### indy256's blog

By indy256, 10 years ago, This post is about a simple way to operate on combinatorial sequences such as permutations, combinations, partitions, correct bracket sequences, etc., assuming O(n2) or in some cases O(n3) time complexity per operation is acceptable (n — sequence length).

To refresh your knowledge here are all 3-combinations of 4 elements: 012, 013, 023, 123. And here are all correct bracket sequences of size 6: ((())), (()()), (())(), ()(()), ()()().

The common tasks solved on combinatorial sequences are the following:

1. calculate total number of sequences
2. generate all sequences
3. given a sequence, find the next to it (like next_permutaion() in C++ STL)
4. given a sequence, calculate its number
5. given a sequence number, construct the sequence itself

It is sometimes rather involved to solve these tasks in O(n) or O(n * logn) time. If the time complexity is not a concern, you can brute force all sequences and implement checkValid() method to filter valid ones. This is the simplest, but simultaneously the slowest method.

As a tradeoff we can use a well-known idea and implement count(prefix) method. It calculates the number of sequences starting with prefix. This single method is all we need to run above 5 operations on many classes of combinatorial sequences. We will exploit object-oriented programming to create a tiny framework, consisting of a single class AbstractEnumeration.

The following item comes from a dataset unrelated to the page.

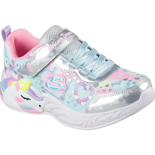 Superflot S Lights – Unicorn Dreams – Heart Sparkles sko med blink. Overdelen er af tekstil og syntet dekoreret med hjerter. Skoen lukkes med en velcrorem over vristen, som har en tænd-/slukknap for enden, imens en rund ikkejusterbar elastiksnøre sørger for, at skoen tilpasser sig foden i løbet af dagen. En trækfane på hælen gør det nemt at træde i skoen. Åbningen er polstret for øget komfort. Indersålen er komfortabel, og ydersålen er stødabsorberende med blink i den store, flotte enhjørning på ydersiden af sålens hæl.
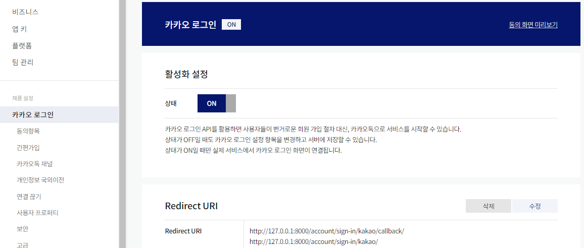 - 앱 키 생성 확인 후 카카오 로그인 활성화 + Redirect URI를 추가해 줘야함

Before looking at AbstractEnumeration class, let's see what amount of code we need to work for example with combinations:

public static class Combinations extends AbstractEnumeration {
final long[][] binomial;

public Combinations(int n, int k) {
super(n, k);
binomial = new long[n + 1][n + 1];
// calculate binomial coefficients in advance
for (int i = 0; i <= n; i++)
for (int j = 0; j <= i; j++)
binomial[i][j] = (j == 0) ? 1 : binomial[i - 1][j - 1] + binomial[i - 1][j];
}

@Override
protected long count(int[] prefix) {
int size = prefix.length;

// if there is no combination with given prefix, 0 must be returned.
// by contract only the last element can make prefix invalid.
if (size >= 2 && prefix[size - 1] <= prefix[size - 2])
return 0;

// prefix is valid. return the number of combinations starting with prefix
int last = size > 0 ? prefix[size - 1] : -1;
return binomial[range - 1 - last][length - size];
}
}


Now we have the following methods at our disposal that solve above 5 tasks in O(n2) time:

1. totalCount()
2. enumerate()
3. next()
4. toNumber()
5. fromNumber()

These methods are provided by AbstractEnumeration class. Source code is here

It is very easy to extend operations and implement prev(), first() and last() methods, etc.  Comments (1)
 » Is there any theory/source available for better understanding of this? I am not getting directly by reading this.